• How to Avoid Credit Card Debt pileup?

    Credit Card BYTES FROM OUR KITCHEN

    The growing trend in credit card usage has prompted banks to evolve a string of creative offers, lucrative discounts and scores of benefits to lure customers. With interest earned from credit cards offered by different banks being a phenomenal source of income, singapore banks are constantly restructuring features of credit cards to correspond with customers/singaporeans interest and requirements. In the process of achieving this, the amount of credit card debt has seen a massive increase. A whopping over 80% of credit card users are in some form of debt on their credit cards and there sure doesn’t seem to be any slowdown in the unabated debt accumulation. While it isn’t easy to stay away from any form of credit card debt – theoretically it certainly is easy – it is extremely essential that debt levels are prevented from reaching insurmountable highs.

    By following some very effective measures, you can preclude insuperable degrees of debt and achieve a decent state of finances.
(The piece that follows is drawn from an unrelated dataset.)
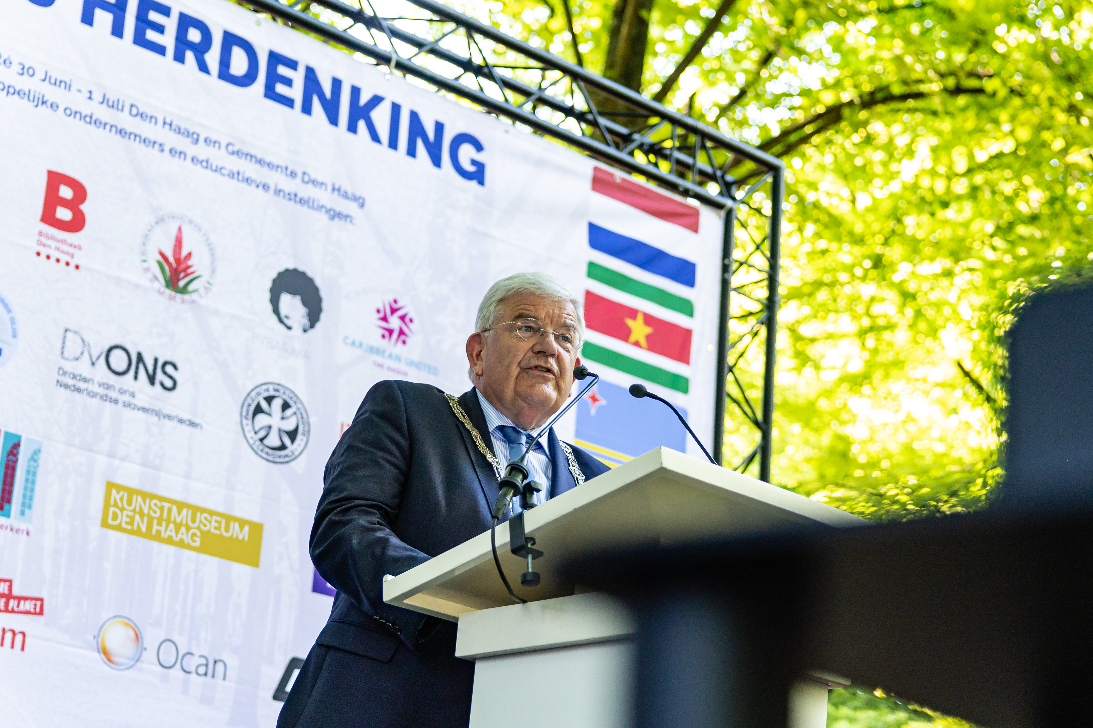 Afgelopen maandag - 30 juni j.l. - werd op het Lange Voorhout, tijdens de derde officiële Haagse slavernijherdenking, het Monument trans-Atlantisch slavernijverleden onthuld. Burgemeester Van Zanen, wethouder Vavier en Lilian Callender van het Comité 30 juni–1 juli Den Haag waren hierbij aanwezig. Het monument is een krachtig symbool dat wordt omarmd door nazaten en inwoners van de stad.

Here are some measures you can adopt.

    Related Read: Common mistakes leading to Credit Card debt

    Proven ways to controle your Credit Card Debts:

    Spending less than 35%-40% of your monthly income

    The credit limit offered by the bank on your card will probably be twice your monthly income. If you have a single credit card account, limiting yourself to spending not more than 35% of your monthly income on your credit card is good way to begin. Any instance where you spend more than 40% or 50% of your monthly income through your credit card will be the beginning of an unnerving debt pileup.

    A monthly debt of more than 50% can throw your finances off balance, especially considering other important expenses that need to be met for the month in question. Moreover, spending too much will force you to meet just about enough to cover your minimum monthly payment - the minimum monthly payment charged by banks is approximately about 3% of the monthly outstanding balance and also includes pending amounts from previous monthly payments, late payment charges and other charges that might hold applicable if they were to arise. Limiting yourself to spending 30% - 35% of your monthly income will certainly benefit you in managing your credit card debt efficiently.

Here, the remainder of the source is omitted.